## [Assignment]
Your task is to retype the lines from the opening of the material through the line that includes "FREAK'S STORE Relax". Do not copy the pictures.

## [Extracted records]
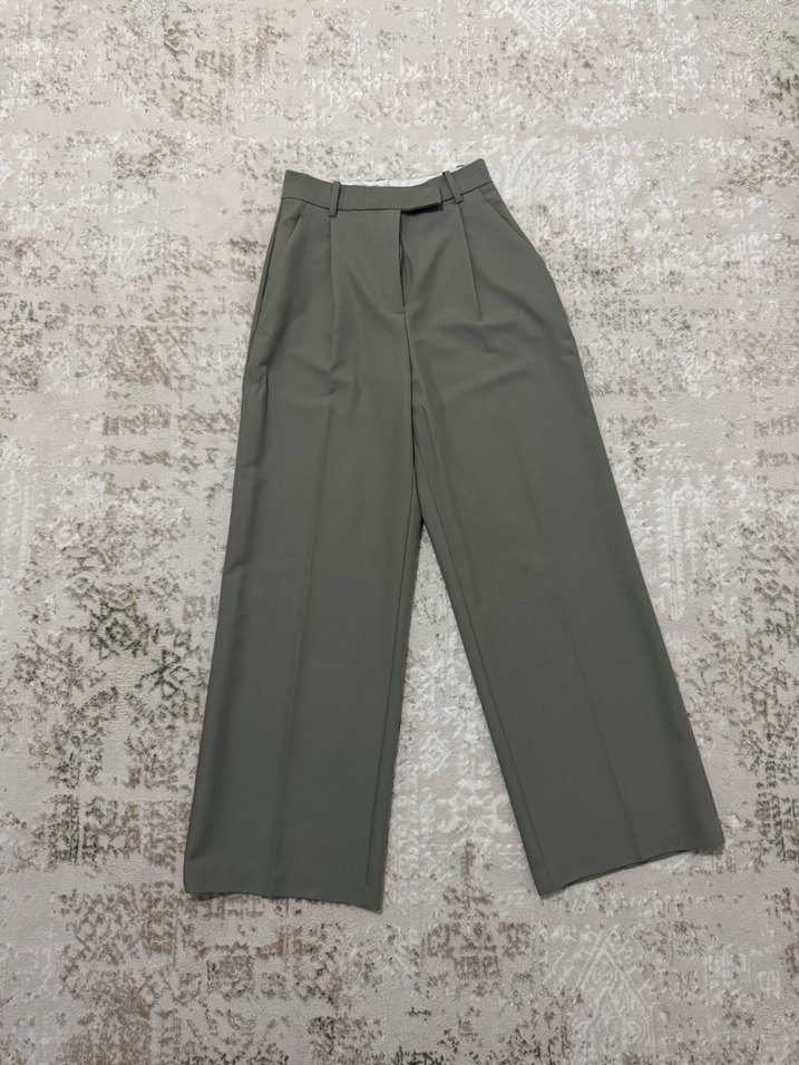 Gri midi uzunlukta, regular fit kadın pantolon. Düz, sentetik kumaştan, ofis ve gündelik şıklık için uygundur.
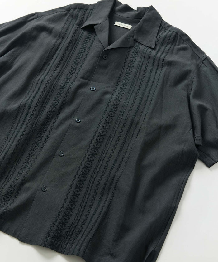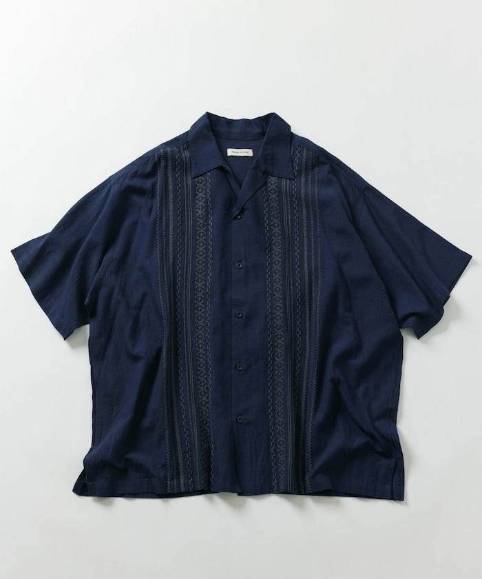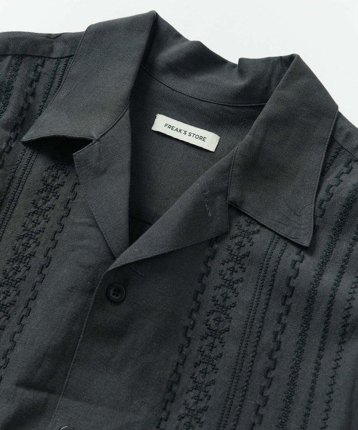FREAK'S STORE Relax Fit Linen Nylon Cuba Shirt 刺繡短袖古巴襯衫
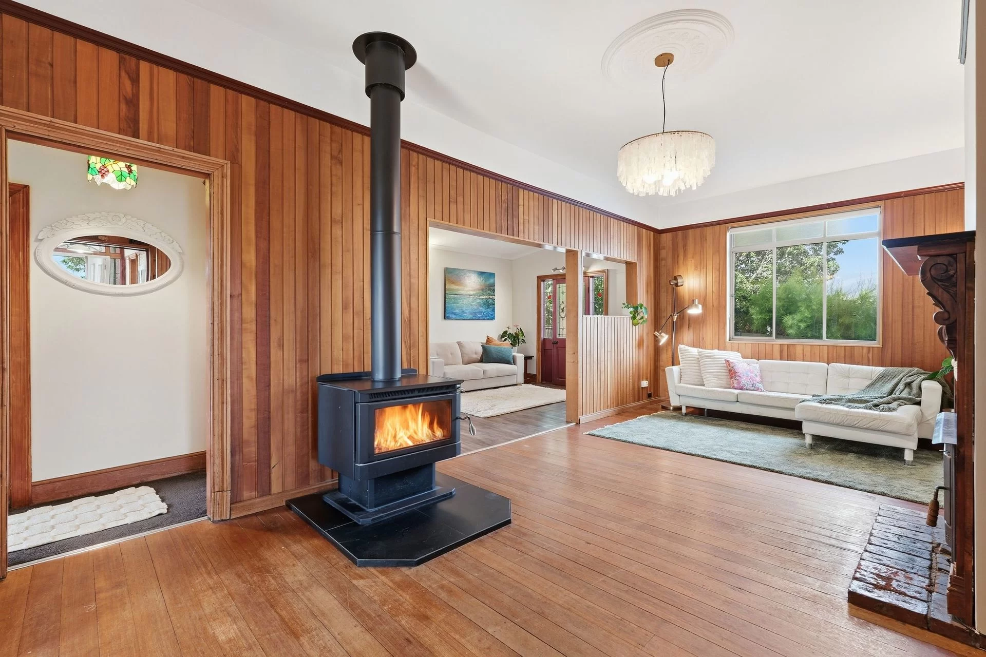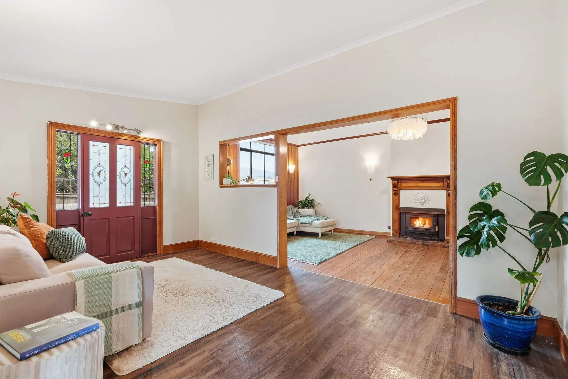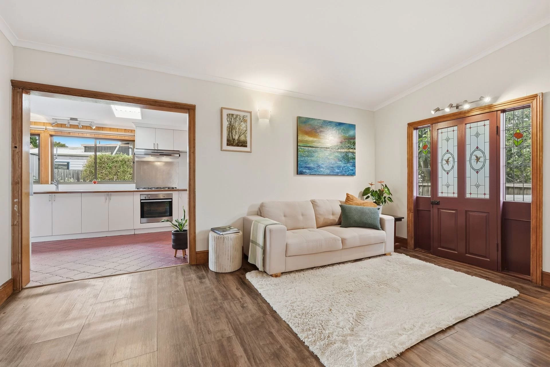 Positioned in a quiet, central Moonah street, this beautifully maintained 1910 character home offers timeless charm combined with exceptional versatility. Showcasing warm timber features throughout, the home welcomes you with a spacious and inviting living room, perfect for relaxed family living. The sunlit kitchen is both practical and functional, featuring excellent bench space and a gas cooktop, and flows through to a sunroom with French doors opening to the backyard.
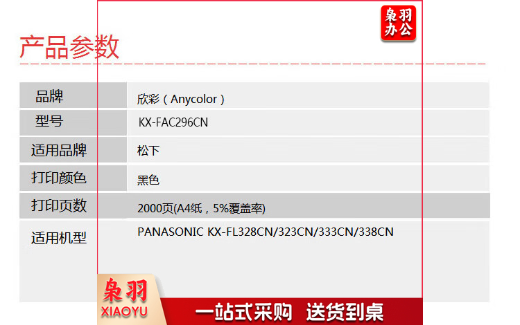 欣彩/Anycolor KX-FAC296CN 粉盒 黑色 (适用用松下KX-FL323CN) 单位:支
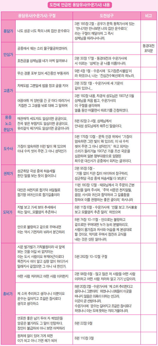 또한 이 책은 번역한 책이다. 비록 한글이지만, 100여 년 전에 사용한 우리의 어휘가 이렇게 달랐을까 싶기도 하고, 중간중간의 한문에 대한 기본적 지식도 있어야 하기에 번역이 필요했다. 하지만 역자의 생각도 많이 들어가 있고 현재 우리가 쓰는 언어의 결과물로 비교적 최선의 구성을 이룬 책이 바로 도올의 『용담유사』라고 할 수 있다. 그래서 이를 참고하시되, 최수운 대신사가 상제님을 뵙고 받아 내린 시천주주를 수련하면서 이 책을 읽는다면 본래의 뜻에 좀 더 가깝게 다가갈 수 있을 것이라 생각한다. 그렇게 되면 수운의 『용담유사』는 도올의 『용담유사』가 아니라, 이를 읽고 수도하는 이들의 『용담유사』가 될 수 있을 것이다.
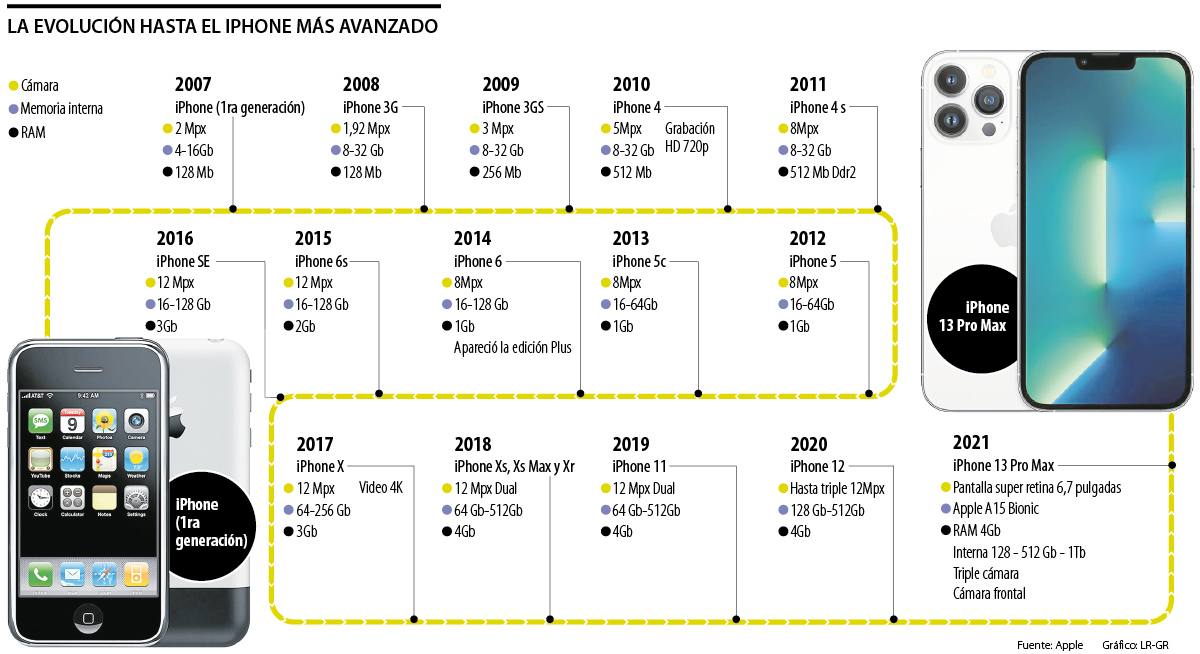En compras online de Black Friday, iPhone 13 y sus accesorios fueron el modelo más buscado, detrás hay una línea de tiempo de desarrollo
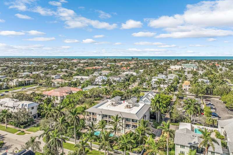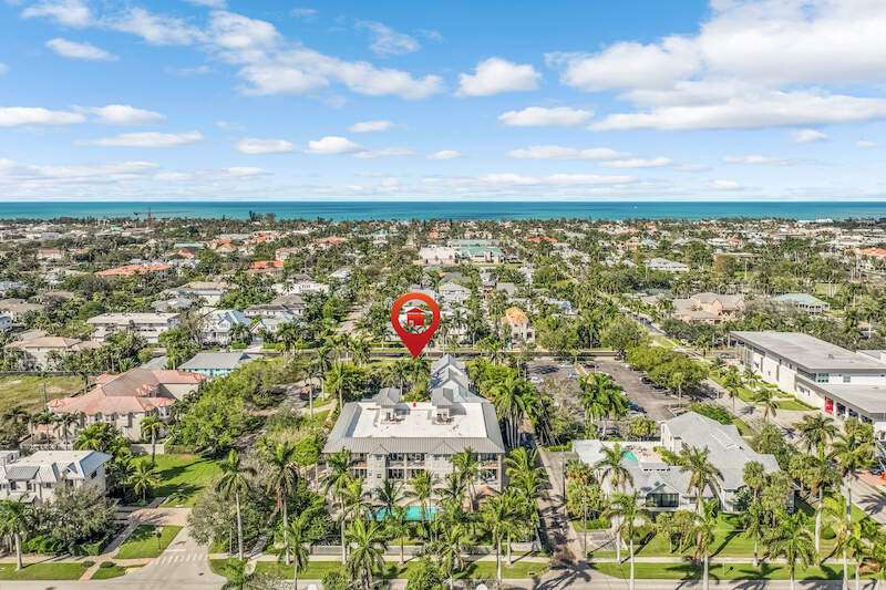 Unbeatable Location in Old Naples! Incredible opportunity to own a spacious 3-bedroom, 3.5-bath condo in the heart of Old Naples. Each bedroom features an en-suite bath, and a bonus room offers flexible use as a formal dining area, office, or media room. This elevated second-floor unit boasts volume ceilings, an open-concept kitchen, and two covered lanais with desirable eastern and western exposure for beautiful natural light throughout the day. Additional Highlights Include: Private poolside cabana Two-car private garage Secure elevator with FOB access Low-density community of just six units Shared pool, spa, and Tiki Hut-perfect for entertaining Just steps from 5th Avenue, Cambier Park, top-tier dining, shopping, and art galleries, this condo combines luxury, privacy, and convenience. A rare find in Old Naples-this one checks all the boxes!
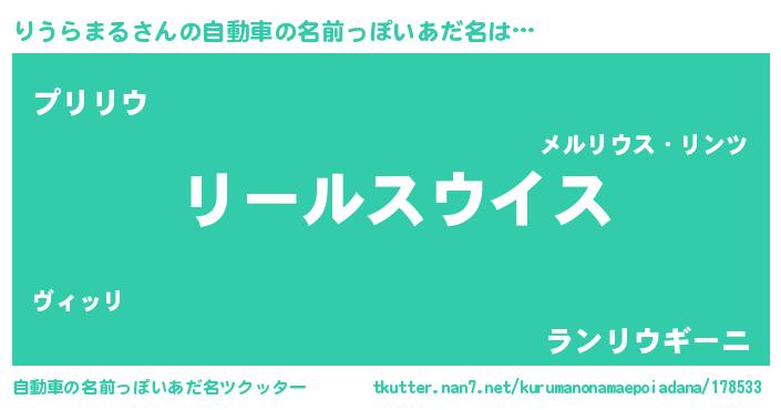 | 女子向けラノベタイトル風あだ名 | 『りうらまるの玉の輿計画!』 |

## [Reply to the task]
 Gri midi uzunlukta, regular fit kadın pantolon. Düz, sentetik kumaştan, ofis ve gündelik şıklık için uygundur.
FREAK'S STORE Relax Fit Linen Nylon Cuba Shirt 刺繡短袖古巴襯衫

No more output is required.